Crypto privacy features

Most public blockchains have not added privacy features. Each transaction is publicly posted to the blockchain where anyone can see the sender address, recipient address, amount sent and transaction hash. Still, a recent decision brings crypto-privacy protocols and services into the national spotlight.

The US Treasury Department has sanctioned Tornado Cash – a crypto mixing service used to launder over $7 billion according to the Treasury Department’s official press release. Is this a shot across the bow to privacy-oriented features like mixers, zero-knowledge proofs, ring signatures and stealth addresses?

Let’s start with what Tornado Cash and similar mixing services do. To use Tornado Cash, users must first connect to a Web3 wallet such as MetaMask. They then deposit money into a smart contract that mixes their funds with other users. Users can then withdraw these funds from the mixed pool to a newly created off-chain wallet to the initial deposit address. Through the blending process, services like Tornado Cash break the transaction track.

Think of it as a black box to hide transactions. With enough effort, the authorities can usually find the address of a wallet used to steal money. But when these funds enter the black box, a new wallet can receive the funds without any link to the depositor. The trail is cold. The Lazarus Group, North Korea’s state-sponsored hacking group, used Tornado Cash to transfer over $455 billion to the regime. When these funds can easily be used for nuclear weapons development initiatives, crypto privacy features become a matter of national security. Tornado Cash is just one of many products and services that use mixing.

Why people use privacy features

Despite recent events, crypto’s connection to crime is usually overstated. The idea that crypto is only used for criminal activity stems from Bitcoin’s involvement in the Silk Road. Silk Road was the Amazon of the dark web in the early 2010s, where users could use Bitcoin to buy drugs, fake IDs and other illegal items. The untold story of the Silk Road was that the FBI routinely made Silk Road-related arrests. There were at least 300 Silk Road arrests in less than three years of its existence by some estimates.

In truth, public cryptocurrencies are terrible money laundering tools because all transactions appear on the blockchain. If you know someone’s wallet address, you can see their entire transaction history and the assets associated with that wallet. Blockchain forensics can often link public transactions to real-world users, leading to easy arrests. In fact, according to the 2022 Crypto Crime Report by Chainalysis, only 0.15% of all cryptocurrency transaction volume in 2021 was linked to illegal activity.

Privacy-minded individuals prefer not to have all transactions publicly available on blockchain explorers such as etherscan. There may also be legitimate use cases where privacy is justified such as political donations, dissident journalists or witness protection. Mixers are just one of several privacy-focused features. Others include zero-knowledge proofs, ring signatures, and stealth addresses.

Zero proof of knowledge

With zero-knowledge proof, a party can prove something without revealing more information than necessary. For example, you can prove that you validated a transaction without revealing your public key, or you can prove that your wallet meets a minimum balance without revealing the full amount. It is also the main feature of Zcash, a popular privacy coin.

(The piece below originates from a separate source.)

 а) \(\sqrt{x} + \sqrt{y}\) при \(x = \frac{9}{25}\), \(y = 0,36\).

Zero-knowledge credentials play two major roles in the Web3 movement. Firstly, they ensure data protection. Potential applications include anonymous voting, transactions and digital identity protection. The second role involves giving blockchains the possibility of higher throughput. Zero knowledge aggregates batch transactions into a single proof. Instead of verifying each transaction, validators verify the proof, which results in faster processing times.

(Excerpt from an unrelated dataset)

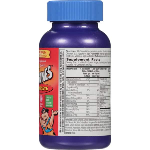 Helps support bone health with calcium, vitamin K and vitamin D. Free of: high fructose corn syrup, sugar, artificial flavor. Pediatrician’s no. 1 choice children’s chewable vitamin brand. Colors from natural sources.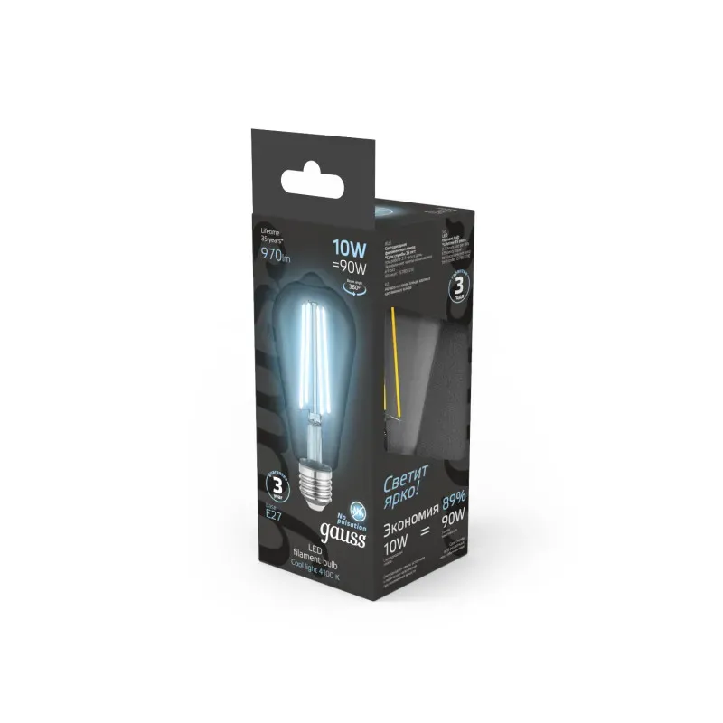 Лампа светодиодная Gauss Filament E27 10W 4100K 157802210

Ring signatures and stealth addresses

This technology is used by the privacy coin Monero. With a ring signature, a digital signature is created with the signature itself and a group of decoy signatures. The identity of the signer itself is hidden in a set of possible signers. A stealth address is a one-time public address that is generated for someone to receive money. It is not publicly linked to the wallet address like Bitcoin or Ethereum. Therefore, sharing an address does not give a user access to view your transaction history and held assets.

Monero is currently the leading privacy coin with a market cap of $2.8 billion. While Zcash gives users the choice of regular or shielded transactions, all Monero transactions are private.

Conclusion

A sensible policy for crypto privacy features will involve a balanced approach. Privacy features such as mixers, no-knowledge proofs, ring signatures and stealth addresses give criminals an opportunity to hide stolen funds. The link between The Lazarus Group and Tornado Cash makes that clear.

However, let’s also remember that governments will likely adopt the same privacy features in the near future. Without zero-knowledge proof, everyone’s transaction history on a central bank’s digital currency network will be public information. Paying someone back for dinner will also give you access to their spending habits or seeing someone’s digital identity when they walk into a bar will also give you access to their medical records. Although easier said than done, the goal is to minimize illegal activity while maximizing privacy.

The aforementioned functions are necessary to protect privacy in the digital age. Some use cases should be limited, while others should be allowed to flourish. Like protecting consumers, preventing illegal activity without stifling innovation is a balancing act.